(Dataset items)
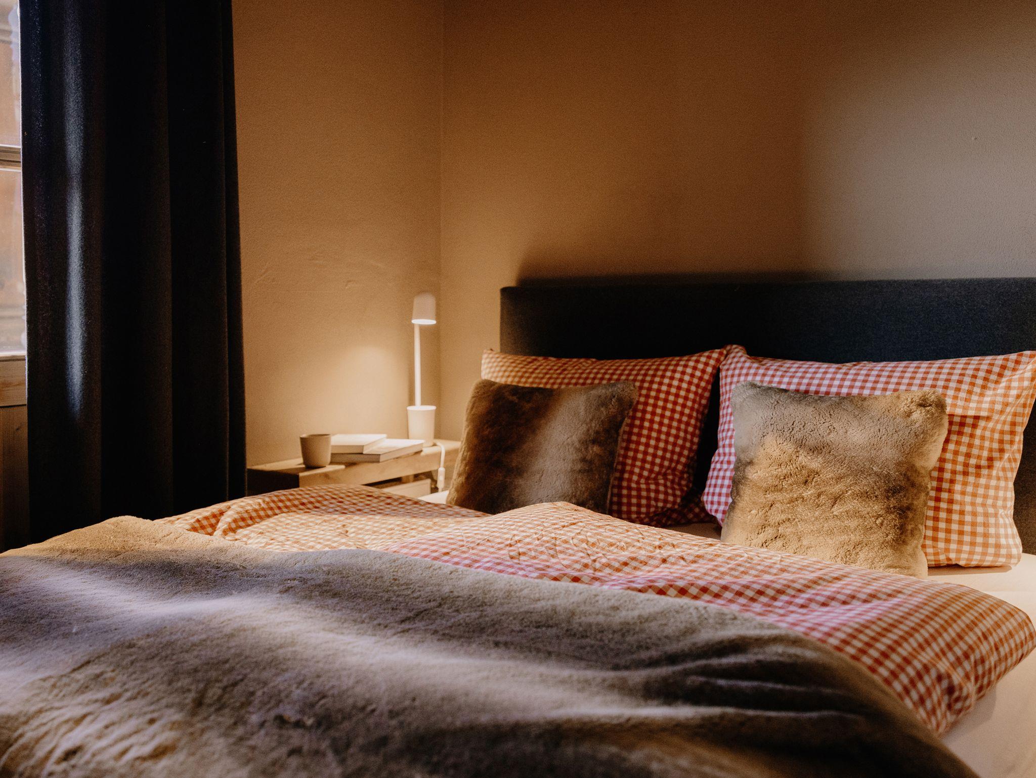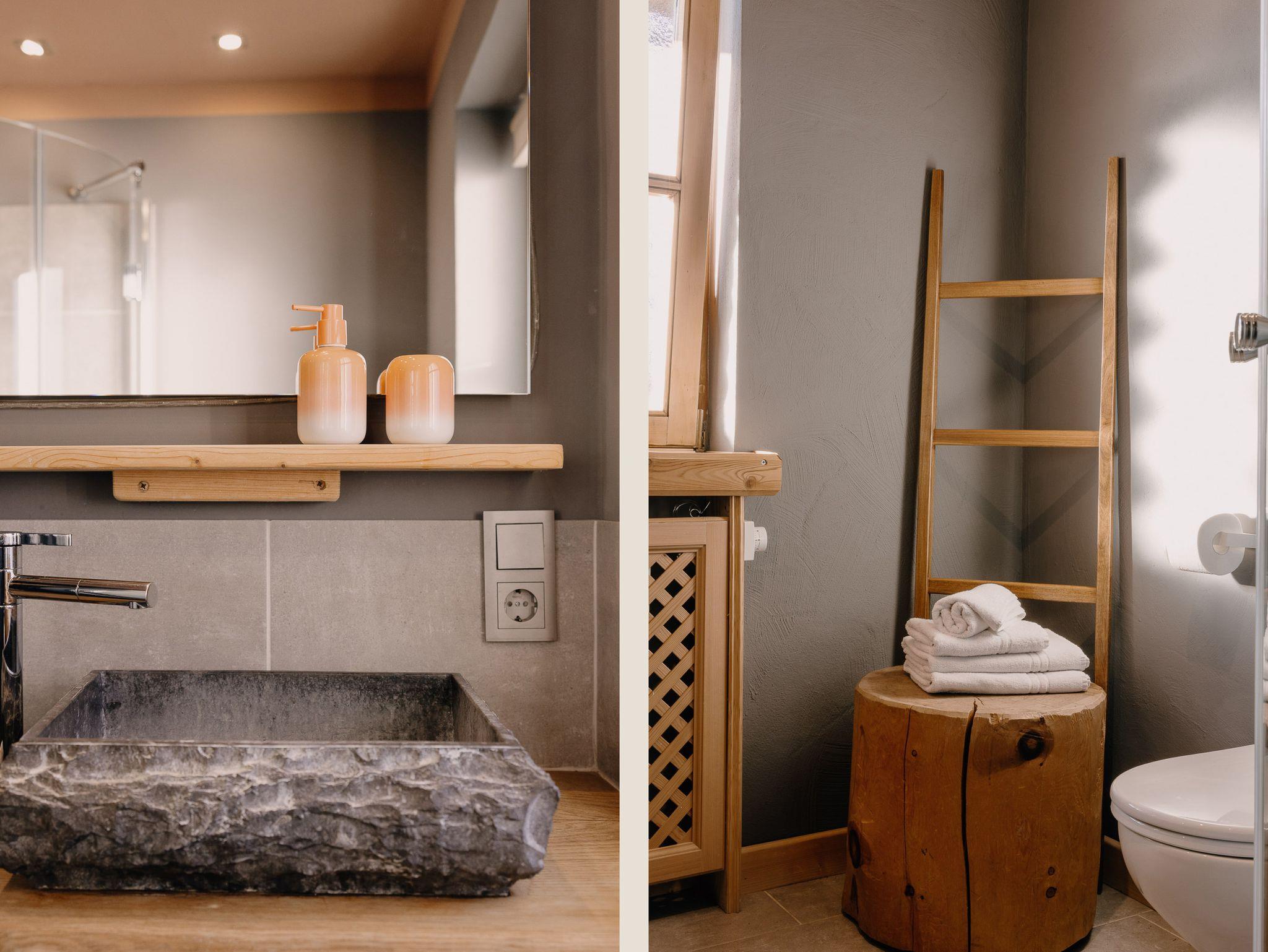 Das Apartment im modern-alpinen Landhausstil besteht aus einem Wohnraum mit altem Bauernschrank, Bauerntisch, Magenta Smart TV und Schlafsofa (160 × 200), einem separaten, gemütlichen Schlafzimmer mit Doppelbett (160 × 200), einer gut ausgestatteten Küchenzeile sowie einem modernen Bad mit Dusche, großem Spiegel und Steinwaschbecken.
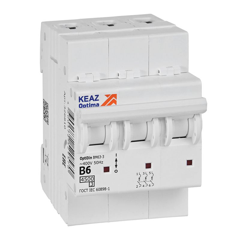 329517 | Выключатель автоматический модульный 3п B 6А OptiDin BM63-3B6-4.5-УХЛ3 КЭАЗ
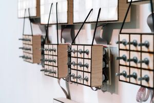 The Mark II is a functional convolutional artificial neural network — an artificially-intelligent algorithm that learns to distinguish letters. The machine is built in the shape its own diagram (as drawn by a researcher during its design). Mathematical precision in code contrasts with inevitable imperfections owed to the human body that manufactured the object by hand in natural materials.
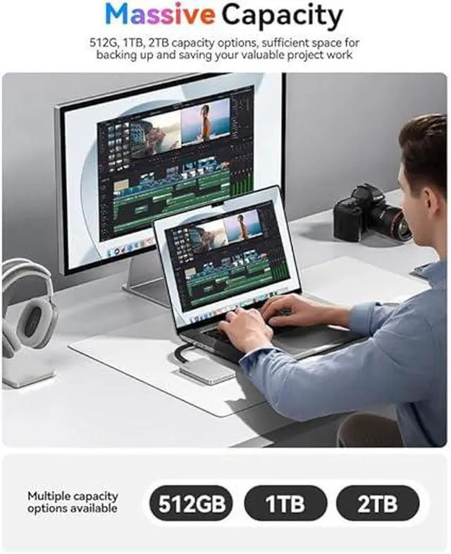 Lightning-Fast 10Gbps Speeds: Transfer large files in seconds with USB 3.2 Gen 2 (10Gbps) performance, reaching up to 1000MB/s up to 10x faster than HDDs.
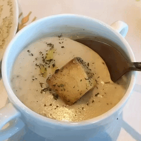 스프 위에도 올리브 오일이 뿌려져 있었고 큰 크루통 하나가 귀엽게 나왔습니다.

• **Goal of the exercise**
From the line containing "329517 | Выключатель" down to the last line of the entries above, copy each line exactly and nothing more. Leave pictures out.

• **Final answer**
 329517 | Выключатель автоматический модульный 3п B 6А OptiDin BM63-3B6-4.5-УХЛ3 КЭАЗ
 The Mark II is a functional convolutional artificial neural network — an artificially-intelligent algorithm that learns to distinguish letters. The machine is built in the shape its own diagram (as drawn by a researcher during its design). Mathematical precision in code contrasts with inevitable imperfections owed to the human body that manufactured the object by hand in natural materials.
 Lightning-Fast 10Gbps Speeds: Transfer large files in seconds with USB 3.2 Gen 2 (10Gbps) performance, reaching up to 1000MB/s up to 10x faster than HDDs.
 스프 위에도 올리브 오일이 뿌려져 있었고 큰 크루통 하나가 귀엽게 나왔습니다.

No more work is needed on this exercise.